A knock at the door. Hector turned in shock to look, as though he had been sucked through a portal from another land. A knock. No one ever came. No one ever knocked. Here. In the woods. He wiped his eyes with his dirty sleeves and opened the door slowly. Two children. One with freckles. One with soft brown eyes. “Mister angel,” Isabella said, “you forgot to take this with you.” She held out a ragged overcoat as if it was a royal robe. “Yah,” Timothy said. “You don’t want to be catching a cold.” “How did ya kids get up here?” Hector managed to squeak out. “We just followed you,” Timothy said. Isabella held out a bouquet of wildflowers. “These are for you, Mister angel.” Hector reached out for the flowers. “Thank ye, little missy.” “You are welcome,” Isabella responded in a sing-song voice, swaying back and forth with pride.
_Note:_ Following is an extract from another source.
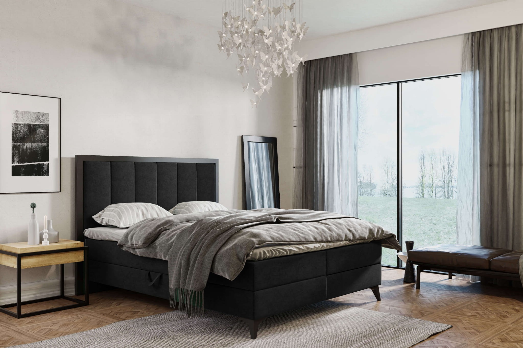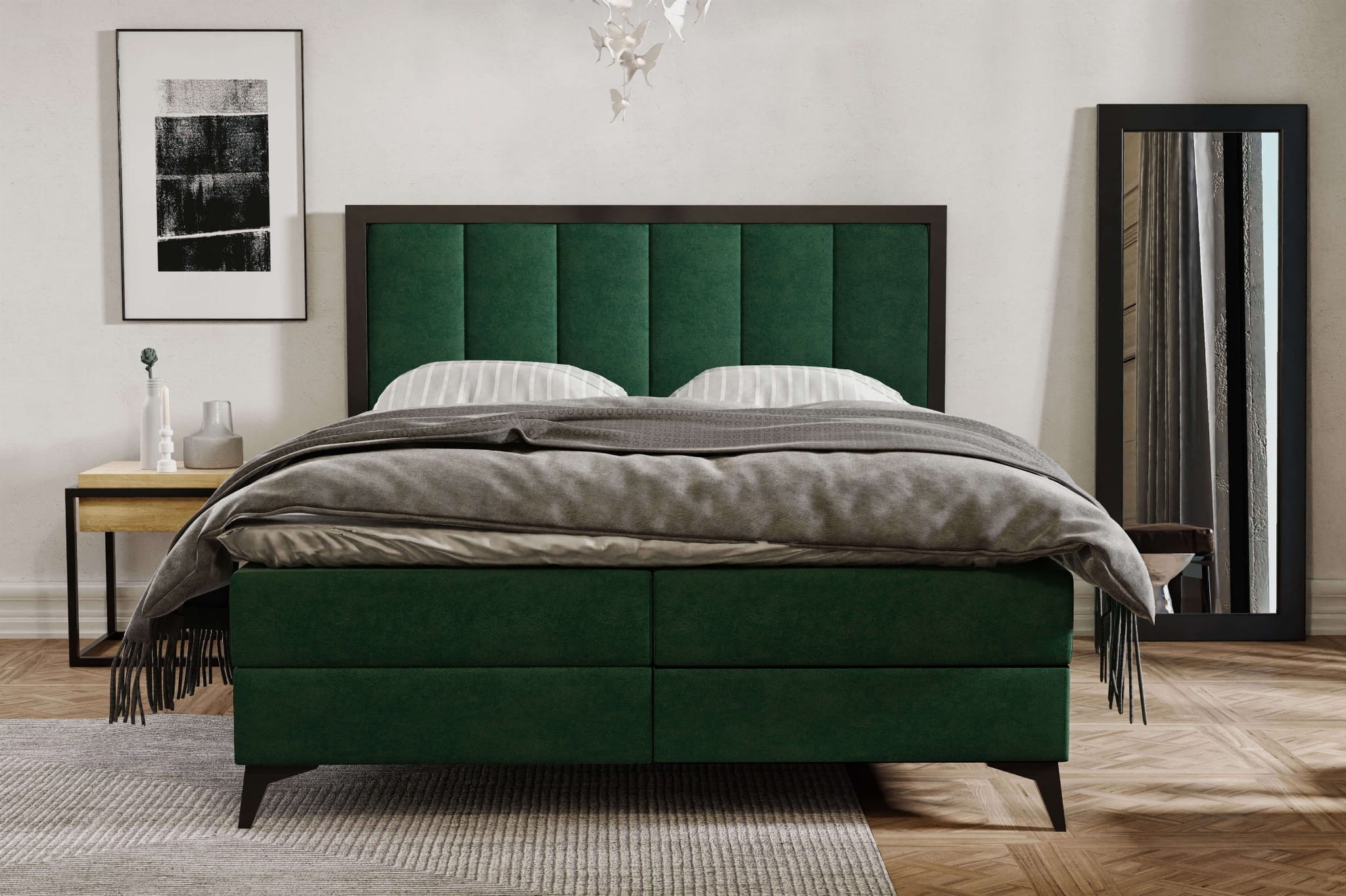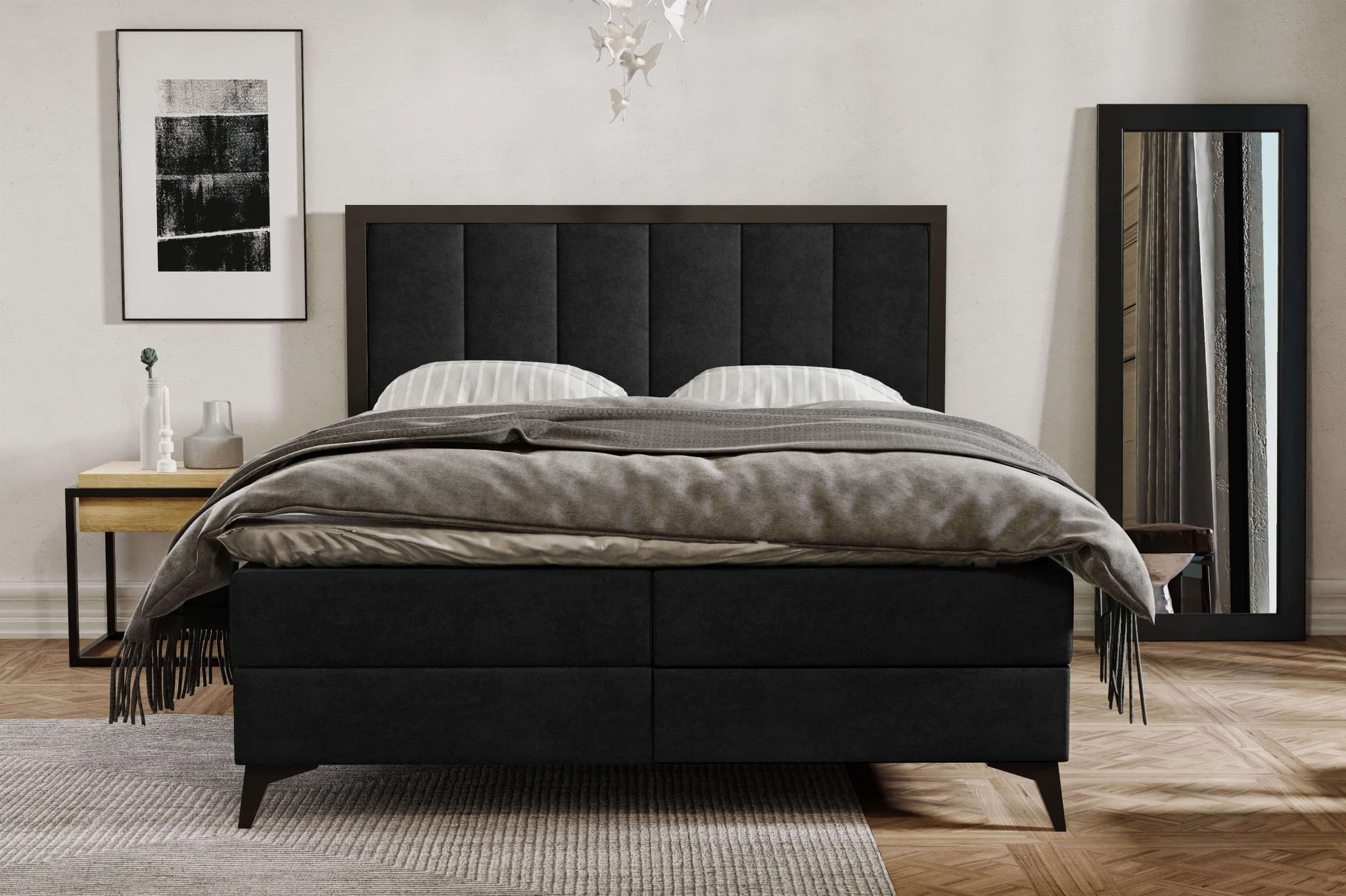 Łóżko kontynentalne 160x200 – wysokie czarne nóżki, w stylu loft

“Pa says that he would like it if you come and have lunch with us every Sunday,” Timothy announced. “He said that he would like to see an angel at his table regularly.”
“Yah, Mister angel,” Isabella exclaimed. “We all want you to come back.”
“And tomorrow is Sunday,” Timothy added, as though he was issuing a royal decree.
Hector stared at the floor. He looked around his cabin. “I don’t have nothin’ to bring to share with such fine folks.” “Just bring yourself,” Isabella said. “We got to get back home now,” Timothy said.
“See you tomorrow, Mister Hector.” The two of them waltzed out of his cabin, leaving the door wide open. He watched them skip down toward the trail.
Hector sat on his bed. It was all too much for one day. He looked over at the photo. The heaviness had lifted. Perhaps it was OK to move on. To say goodbye. To go on living.
Hector awoke the next morning. He had an invitation. His presence had been requested. Just maybe he would go. Maybe this would be a new start. He rustled through his drawer of odds and ends to find something he hadn’t used in a long time. There had been no need. A comb. He would comb his hair and go to lunch.